Much like his heart in past releases, he wears his influences on his sleeve on this one. During the finest song "If the Brakeman Turns My Way" he says "tried to listen to The River, but you couldn't shut your mouth" at one point, but updates the blabbermouth genius the Boss did on that very album. Oberst's voice still has some shake to it, but he's largely given up swallowing his words, and pitching that against a smooth miasma of slide guitars and Big Pink inspired keyboards it is brilliant. Methinks he got a copy of Bob Dylan's Desire and left it in his car stereo for a stretch, because the similarities are indisputable on "Hot Knives" and "Soul Singer in a Session Band." Fortunately, he breaks from his Dylan act with nocturnal numbers like "Make a Plan to Love me" which sounds all the world like the finest song Vic Chestnutt never recorded, its Nelson Riddle grade orchestration silky and soft enough to be in a Disney movie.

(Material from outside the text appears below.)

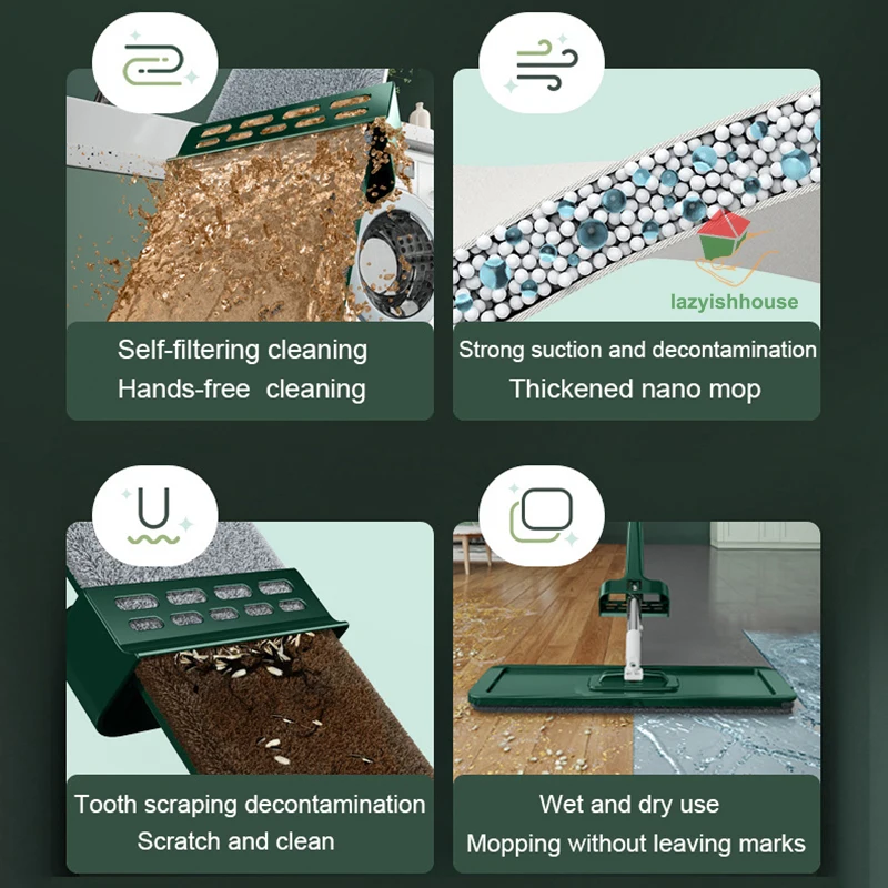 - Vraiment mains libres, double raclette presser et égoutter, pousser et tirer une fois, sécher instantanément

"Middleman" is a real standout. The guitar picking at the beginning recalls the Doobie Brothers "Black Water", an inclination which is not helped by the haunting fiddle lines that creep in behind it. It keeps that back woods noir luster going throughout it, spooky enough that the interwoven spoken track causes you to look over your shoulder. This is the first album I've wanted to hear in SurroundSound, so I could see what its like to sit in the haunted apartment of Conor Oberst's soul.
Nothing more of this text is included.